The overhead of the solution they came up with must be incredibly high. It is an ugly workaround, but it’s nice they made it work anyway.
Edited 2012-09-04 11:12 UTC
This sounds like use of a virtual machine monitor (Xen, in this case) to provide separation between applications, some drivers, and other processes, and to run them in an unprivileged mode. Something that things like Minix and most true microkernel OSes do without the VMM .
Is it more secure than Linux chroot? Probably.
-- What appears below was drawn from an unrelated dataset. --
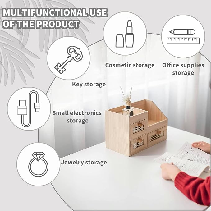 - ✅Space Save-The organizer can eliminate clutter, free desk space. You can put this desktop organizer with drawers in the office, study, dresser, bathroom, etc.It can store office supplies, stationery, household sundries and other items.Not only can be used in the office,household daily storage can also be used.

More secure than FreeBSD jails/UML/<your favorite app virtualization scheme here>? Depends on how secure you think Xen is. It’s a fairly substantial amount of code regardless. Unless Qubes can run any general-purpose OS in one of the “appVM”s, I think the effort would probably have been better spent on one of the other technologies mentioned above.
Nice effort, but it looks like overkill to me.
I’d be more interested in something lighter and more integrated, like Selinux Sandboxing (hm, something to look into I guess).
Funny how the installation guide almost attacks NoScript – lol, what is that all about? Especially from people focused on security:
“Note: Be sure that you use a modern, non-handicapped browser to access the links below (e.g. disable the NoScript and the likes extensions that try to turn your Web Browser essentially into the 90’s Mosaic).”